◆ Task to carry out
Each line from the first line of the entries through the line holding "Isaline Tronc (à" is to be restated word for word; nothing else, and no picture, belongs in the answer.
- - -
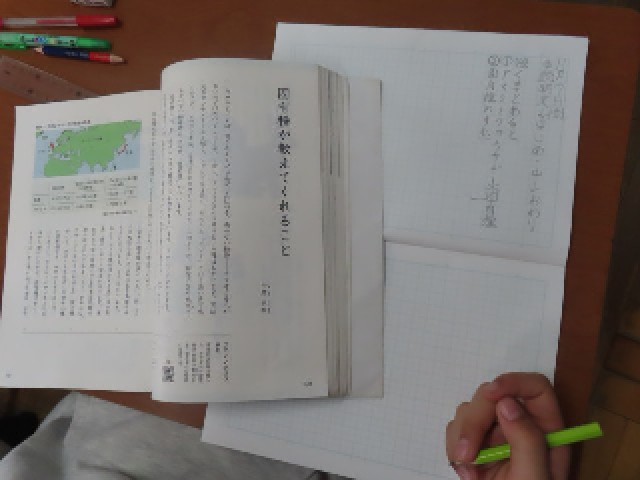 5年生は国語で、説明文「固有種が教えてくれること」の学習に取り組んでいます。今日は「文章の構成を考えて、大まかな内容を捉えよう」をめあてに、段落のつながりを意識しながら、長い文章を簡潔にまとめる学習を行いました。
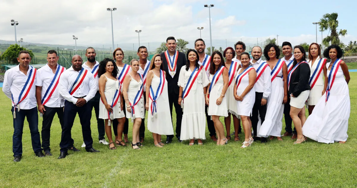 Isaline Tronc (à la droite du maire Mathieu Hoarau) en compagnie des élus de la majorité municipale de l’Etang-Salé.
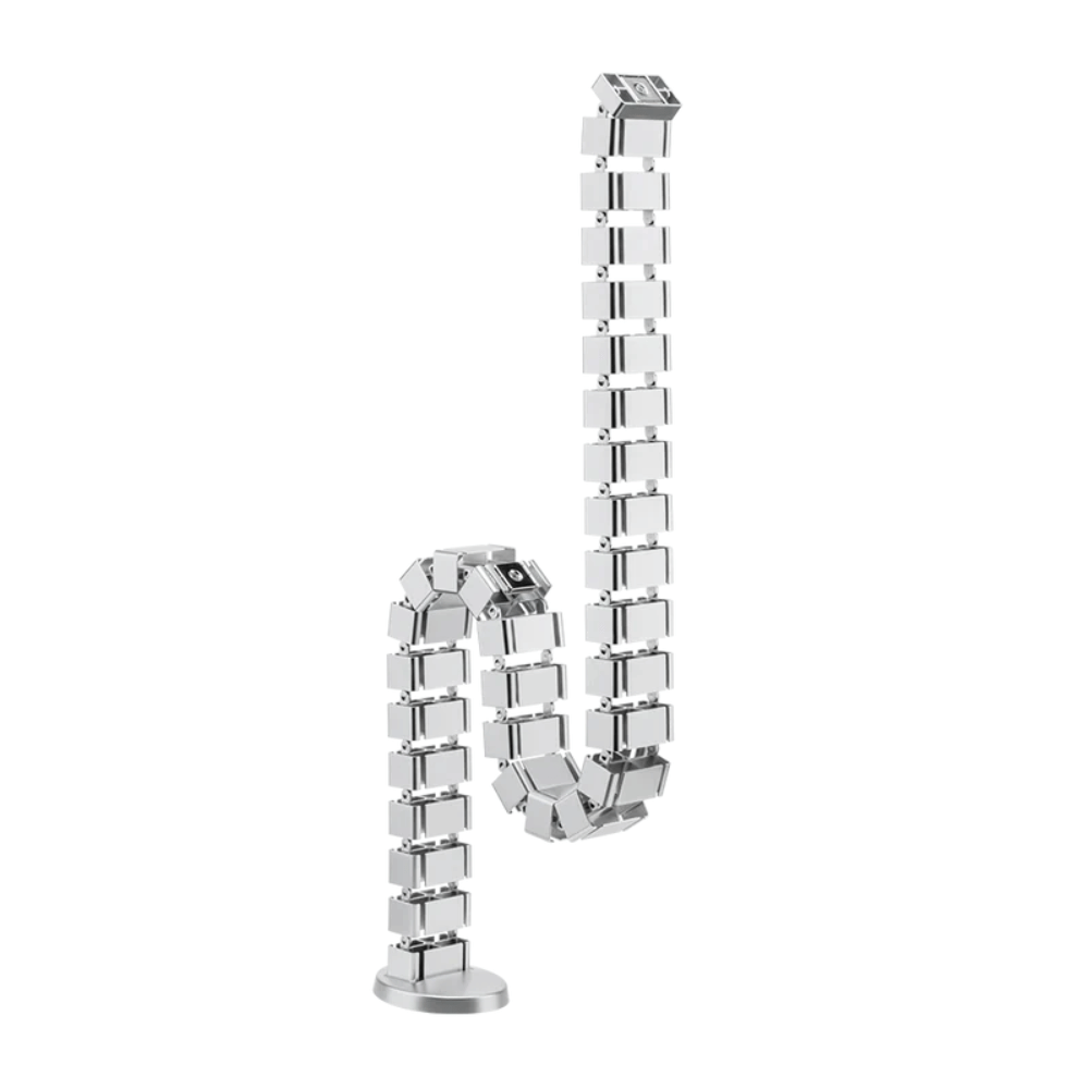 La colonne est dotée d’une structure modulaire en vertèbres, permettant d’ajouter ou de retirer des sections selon les besoins. Sa base lestée avec un bloc en fer assure une stabilité optimale. L’attache magnétique solide maintient les câbles en place, offrant une solution pratique et esthétique.
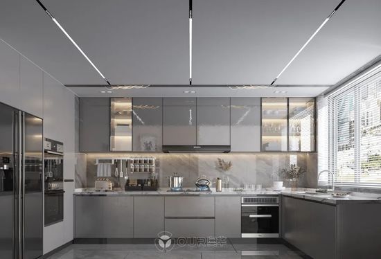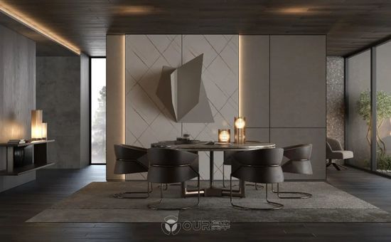 奥华从消费者的居家角度做出设计,将线型灯、线型音响等辅助性电器整合为线型设备带,集居家功用、现代美学功能为一体。
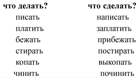 Писать (пишет) — написать (пишет), платить (платит) — заплатить (платит), бежать (бег) — прибежать (бег), стирать (стирка) — постирать (стирка), копать (вскопка) — выкопать (вскопка), чинить (починка) — починить (починка).
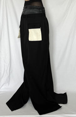 PRODUCT DESCRIPTION Asymmetrical Denim waistband and wool trousers with inside-out fastening, fly details, front drape, and open side legs. The skirt features our signature back pockets. This piece can be styled as a skirt or overskirt. Styling: Sits low on hip
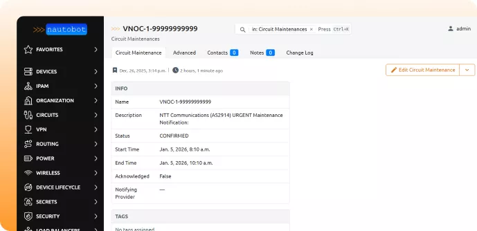 Instead of manually tracking emails and updating systems, maintenance events become part of the network source of truth, enabling automation and operational awareness.
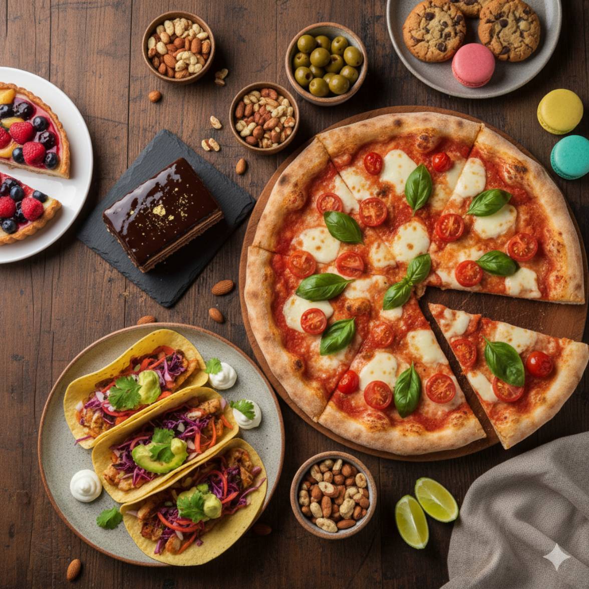 Burgers, Salades, Sandwichs, Pizza, Boissons natures, Pâtisserie, Tacos, Gâteaux & Desserts
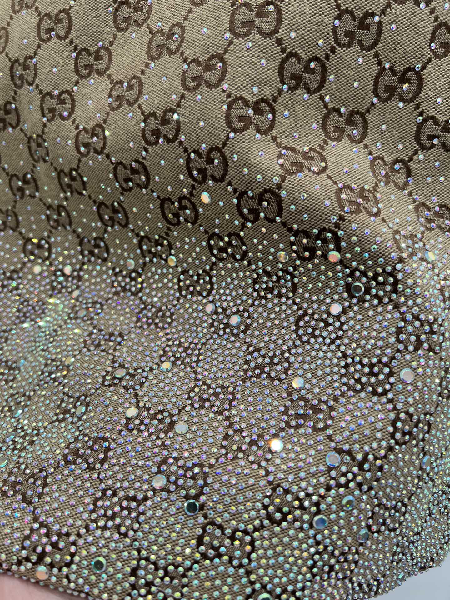 GG Beige Monogram Crystal Embellished Mini Skirt
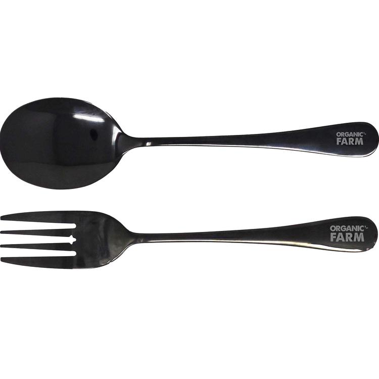 The Eclipse stainless serving set hosts the perfect sized serving utensils for everyday use or a special occasion. The fork and spoon are made from 18/0 stainless steel with a trendy black PVD mirror polished finish. To top it off, the laser engraved imprint reveals a high contrasting white making any logo stand out and look it's best. These utensils are FDA compliant and dishwasher safe.
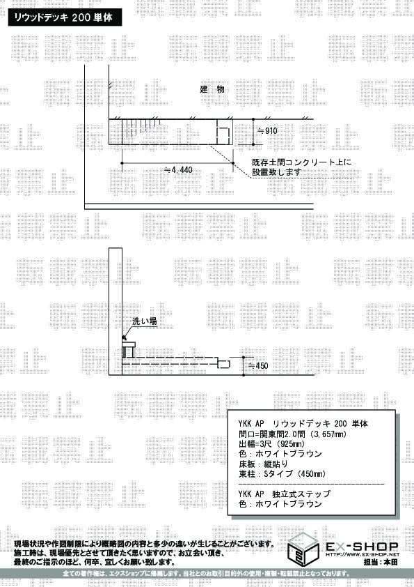 | サイズ | 間口 3,657mm 出幅 925mm |
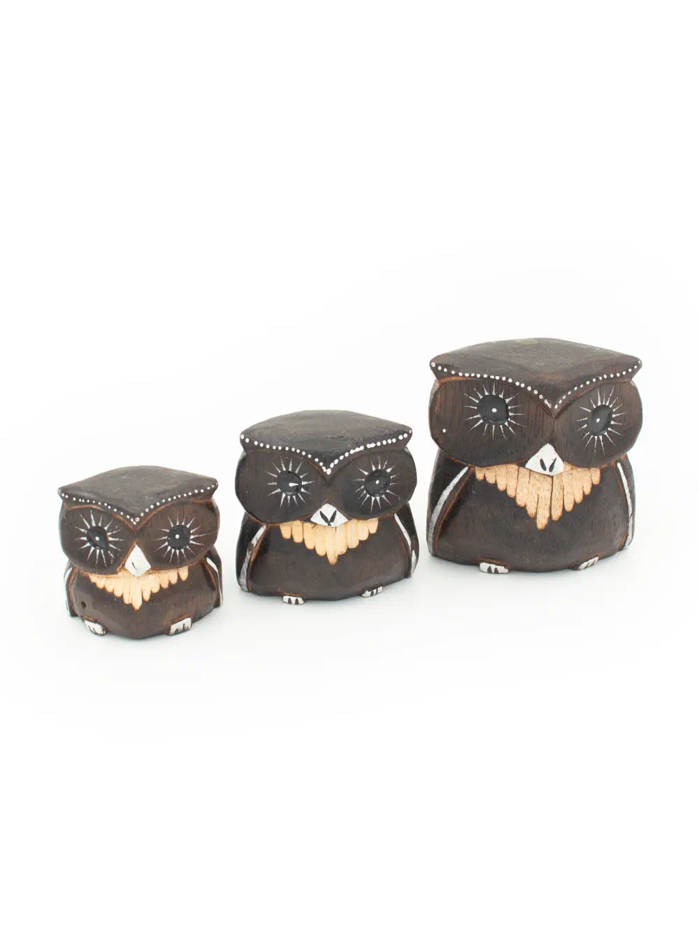 Este set de búhos decorativos de madera es perfecto para quienes buscan añadir un toque único y artesanal a su hogar. Cada figura está cuidadosamente tallada a mano, destacando los detalles que hacen de estos búhos un complemento elegante y especial para cualquier espacio. Su diseño combina simplicidad y estilo, ideal para decorar salas, oficinas o incluso dormitorios.
- - -
◆ Response to this task
 5年生は国語で、説明文「固有種が教えてくれること」の学習に取り組んでいます。今日は「文章の構成を考えて、大まかな内容を捉えよう」をめあてに、段落のつながりを意識しながら、長い文章を簡潔にまとめる学習を行いました。
 Isaline Tronc (à la droite du maire Mathieu Hoarau) en compagnie des élus de la majorité municipale de l’Etang-Salé.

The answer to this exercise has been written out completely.